Take Mitch Williams, the only man alive who gave up Homer to lose the World Championship, to Joe Carter of Toronto in 1993. Williams, better known as the Wild Thing, is a popular champion for Phillies fans and duly honored in Relief. room.

“On the easy level, it’s the mullet and the headband and things like that, but he’d break it every time there,” Edwards said. “His bravery, his manhood, the way he was walking around. You could tell he didn’t want anyone to walk, he just wanted to shoot and get everyone out. But he was responsible, and that’s huge.”

Williams is among the few known painkillers in the Edwards Gallery. Most had less influence, such as Kyle Abbott, Josh Lindblom and Wally Ritchie, who followed Edwards on Twitter. They are among the 300 or so faces lining bathroom walls, mostly on baseball cards but dozens on larger photos, like Renee Martin’s picture above the mirror.

“There’s something new there,” Edwards’ mother, Joanne, told him when she noticed it. “He’s looking straight at me, and I don’t like his face.”

Martin was only briefly involved with the Phillies, but Edwards loves that he showed up to Kansas City in the clincher at the 1980 World Championships, when Togh McGraw closed out the Phillies’ first championship. After the second photo, in 2008, Edwards’ father, Jim, hung two photos above the toilet: one of McGraw and one of Brad Lidge, both celebrating in October.

Edwards bought the house from his father a few years later, kept the pictures of McGraw and Lidge and added everything else – the soap bar depicting Sparky Lyle, Ron Reed’s commemorative soda can, Kleenex four-sided dispenser with Porfi Altamirano, Warren Brusstar, Tom Helgendorff and Barry Jones.

The handle on the cabinet is a broken bat barrel by Don Carman; Retired ground guard Phillies sent her to Edwards. Kind savior Greg Harris wrote his picture: “Using both hands in the relief room.” Artist Dick Perez, once the official Hall of Fame artist, has donated an original portrait of Helgendorf – Edwards’ hero to save a drowning boy from a swimming pool.

“And then the ’10-cent beer night’ thing in Cleveland,” Edwards said. “He was hiding in a chair, blood spurting—and at the next game, he’s six hits and he gets six hits!”

If you need some relief room time, there’s a basket with issues from old magazines like “Feliz Today,” with Steve Bedrosian and Jeff Barrett in firefighter gear at the front. There is a collection of McGraw comics from the 1970s and Guess-The-Moustache. (Failure to recognize Altamirano results in an automatic loss of the whole letter score.)

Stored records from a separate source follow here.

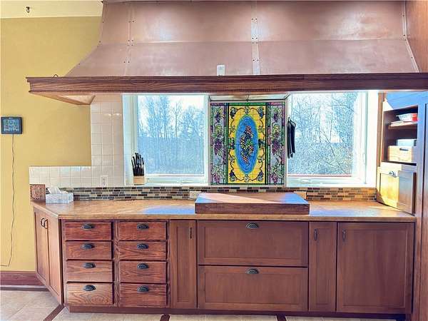 Stunning County Retreat on Over 26 Acres of Forest Discover this beautiful 4 bd / 3 ba country home nestled on more than 26 acres of mature woods, offering exceptional privacy and outdoor enjoyment. Perfect for hunting enthusiasts, the property features deer stands, plant able food plots, and scenic walking paths through the woods. Numerous fruit trees dot the landscape, enhancing the natural beauty. The home boasts a spacious garage with a newer concrete slab and sidewalk, providing convenient storage and workspace. Inside, you'll be greeted by soaring 21-foot vaulted wood ceilings and a wall of windows that showcase breathtaking views of the Hanes Creek valley below and Iver's Mountain in the distance. The gourmet Tuscan-style kitchen is equipped with high-end appliances, a bakers' counter, and ample cabinetry, perfect for culinary enthusiasts. The living room features surround sound speakers, while a large loft offers additional space with stunning outdoor vistas. Excellent energy efficiency is achieved through an in-floor heating system powered by an on demand system. The walk-out lower level includes two bedrooms, a family room, and an additional unfinished bedroom area, with a bathroom that is plumbed and ready for your finishing touches. Additional amenities include reliable high-speed internet, a dedicated camper site with electricity, and ample space for outdoor activities. If you're seeking privacy and natural beauty, this property is a true retreat!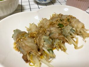 - フライパンをペーパーで拭き、ごま油大さじ1/2を足して、豚肉を炒める。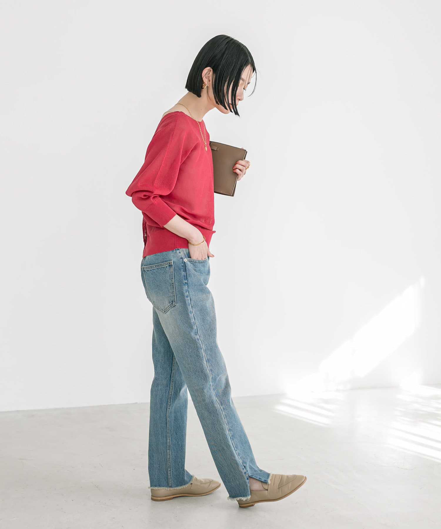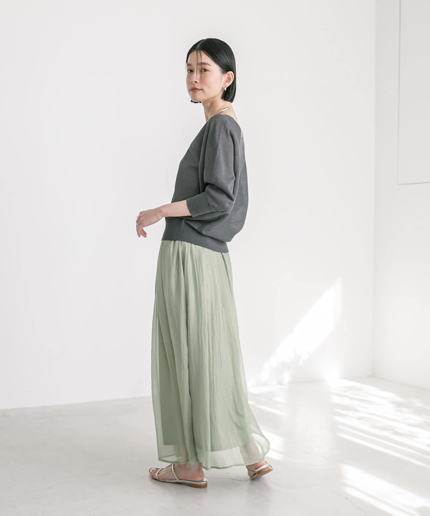 さらっとドライな着心地が魅力のペーパーヤーンニット。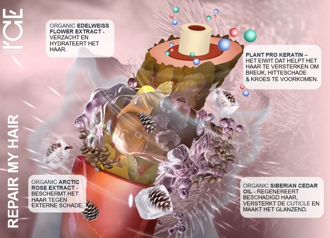 Aqua, Cetearyl Alcohol, Glycerin, Ricinus Communis Seed Oil, Cetrimonium Chloride, Hydrolyzed Vegetable Protein (plant keratin), Hydrolyzed wheat Protein, Pinus Sibirica Seed Oilwh (organic cedar oil), Novosieversia Glacialis Extract wh (organic arctic rose extract), Leontopodium Alpinum Flower/Leaf Extract (organic Edelweiss extract), Sodium PCA, Juniperus Sibirica Needle Extract wh (organic juniper extract), Pinus Sibirica Needle Extract wh (organic pine extract), Rosa Canina Fruit Oil (organic rose hip oil), Betula Alba Leaf Extract (organic Birch extract), Behentrimonium Chloride, Polyquaternium-37, Bis-Cetearyl Amodimethicone, Hydroxyethylcellulose, Phenyl Trimethicone, Tocopheryl Acetate, Guar Hydroxypropyltrimonium Chloride, Lauryl Glucoside, Benzyl Alcohol, Benzoic Acid, Sorbic Acid, Citric Acid, Parfum, Benzyl Salicylate, Coumarin, Hydroxycitronellal, Linalool.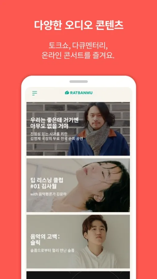 귀가 심심할 때, 웃음이 필요할 때에는 국내 최초 온라인 오디오 페스티벌, 오디오 다큐멘터리 등 랏도의 밴드뮤직에서 제작한 꿀잼 보장 오리지널 컨텐츠들을 들어보세요. 무료한 시간을 웃음으로 채워드릴게요.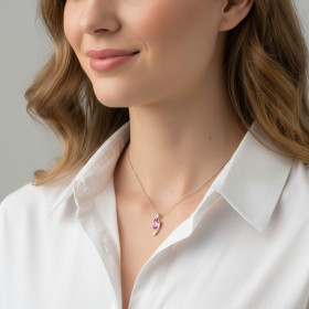 Comme d’autres pierres, l’oxyde de zirconium se décline dans de nombreux coloris. Cette pierre artificielle aux allures de diamant vient ici orner des pendentifs roses étincelants. Monté sur de l’argent, l’oxyde de zirconium laisse voir ses facettes et ses différentes nuances de rose qui se modifient au gré des variations de lumière.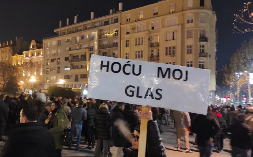 V Beogradu so demonstranti pred poslopjem republiške volilne komisije protestirali proti volilnim mahinacijam vladajoče Srbske napredne stranke. V opozicijski koaliciji Srbija proti nasilju ne priznavajo rezultatov nedeljskih volitev, na katerih je prepričljivo zmagala stranka, ki jo neuradno, a dejansko vodi predsednik države Aleksandar Vučić. Kandidat Srbije proti nasilju za župana Beograda je bil Vladimir Obradović, nekdanji član konservativne Demokratične stranke Srbije. Kakor je na protestnih dejal Obradović, zahtevajo razveljavitev volitev v Beogradu.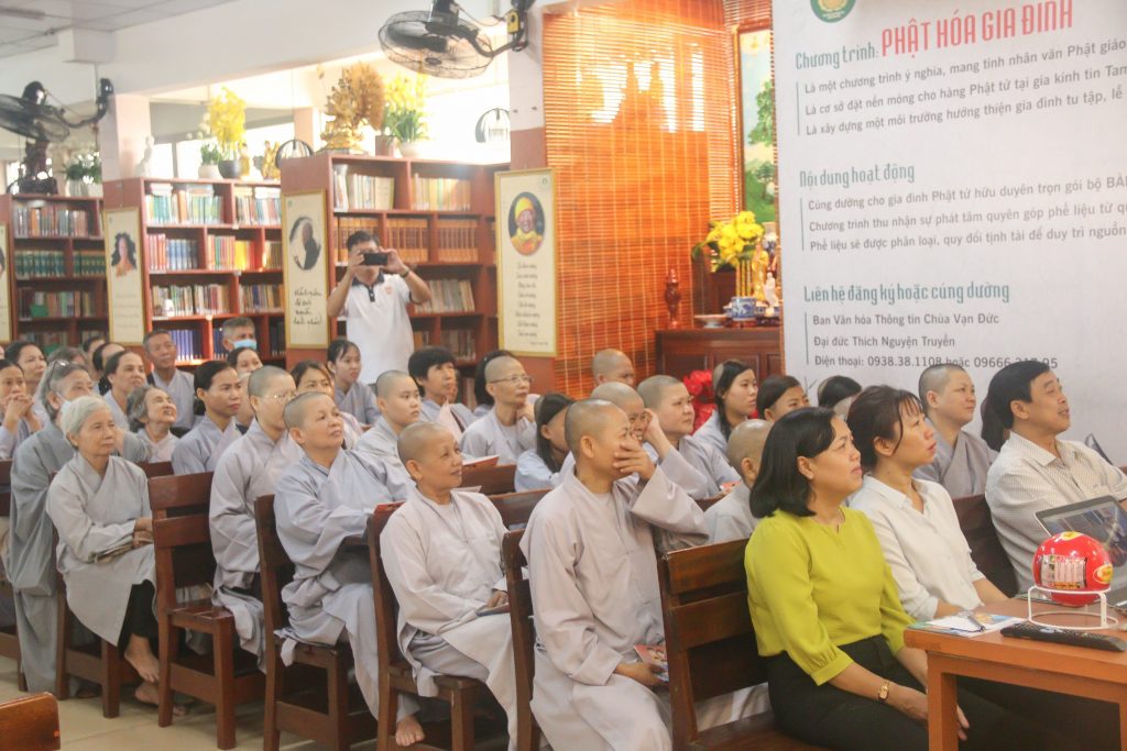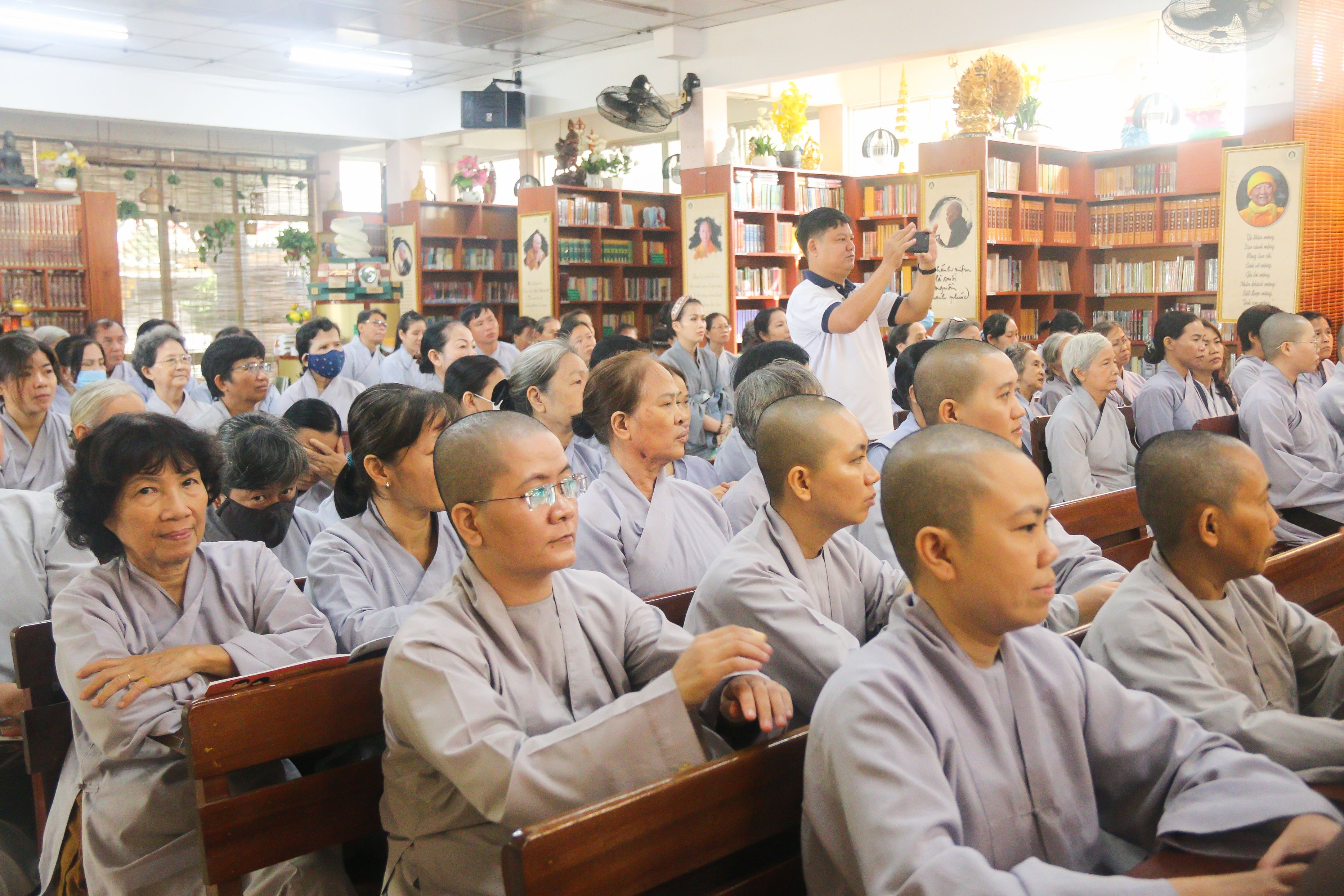 Buổi học diễn ra dưới sự chứng minh của Hoà thượng Thích Hoằng Tri – Phó ban Thường trực BTS GHPGVN Q. Thủ Đức, Trụ trì chùa Vạn Đức, chư tôn đức Tăng, Ni chùa Vạn Đức cùng sự tham dự của đông đảo quý Phật tử.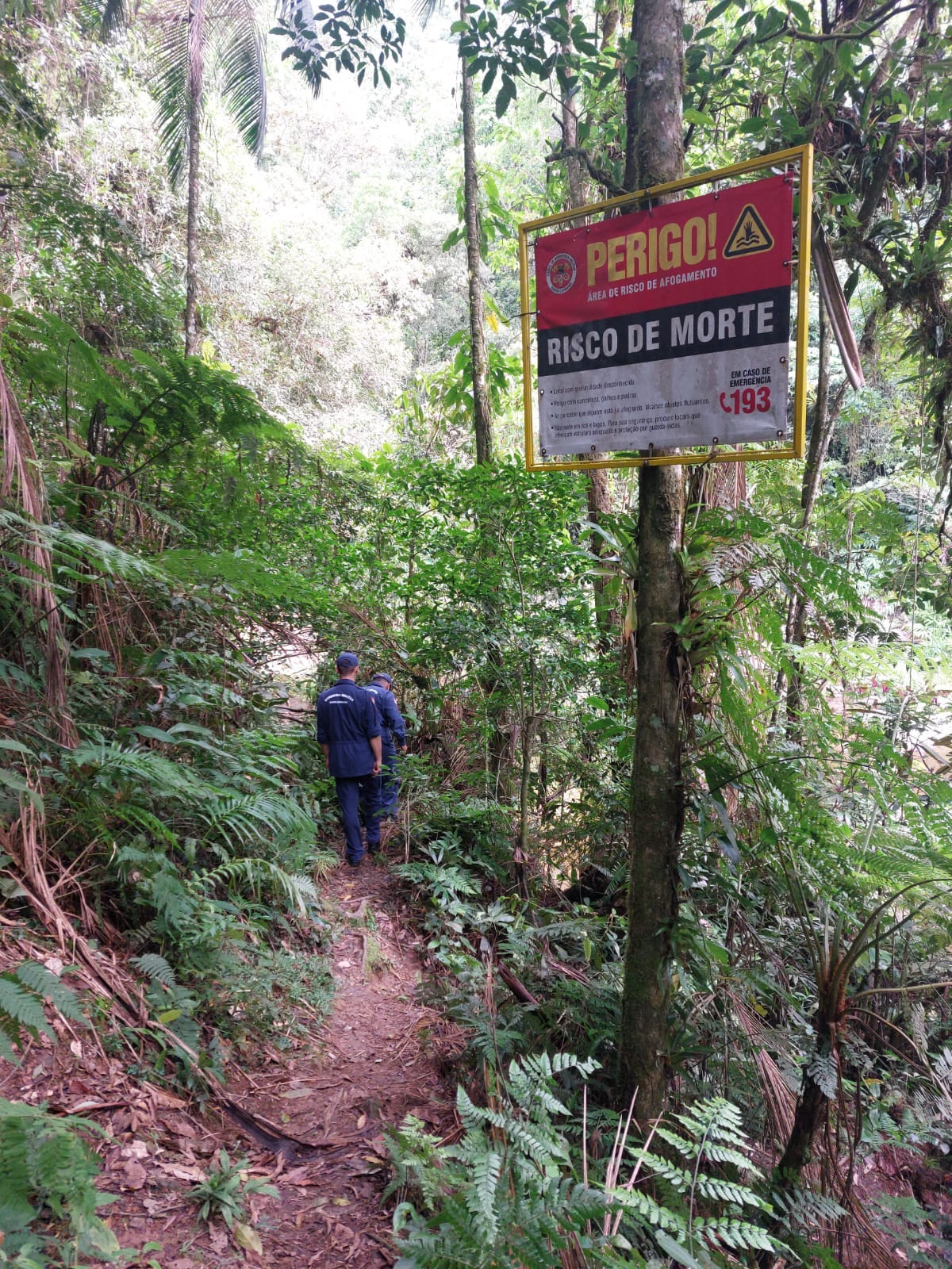 No local, há uma placa do Corpo de Bombeiros alertando sobre o risco de afogamento.

Edwards said there are tentative plans to expand the relief room, if he and Cheryl can move the washer and dryer out of the adjacent mudroom. For now, though, Edwards needs a place for his latest treasure: the cleats worn by Toby Borland, a skinny soldier from the ’90s. His colleagues, Brain and Mike Carroll, bought it for $30 on eBay.

The cleats can be easily placed on the wall above the toilet, which is often an empty space. But Edwards said that section is sacred and strictly reserved for loosers of championship teams. Phyllis have recently improved but are still recovering from their slow start. They may need to summon McGraw’s spirit to make this their year.

“Cheryl is like, ‘There’s a lot of space in there, do something else with it,’” Edwards said. “I’m waiting. This is the point. This is the optimist in me: I will fill this wall.”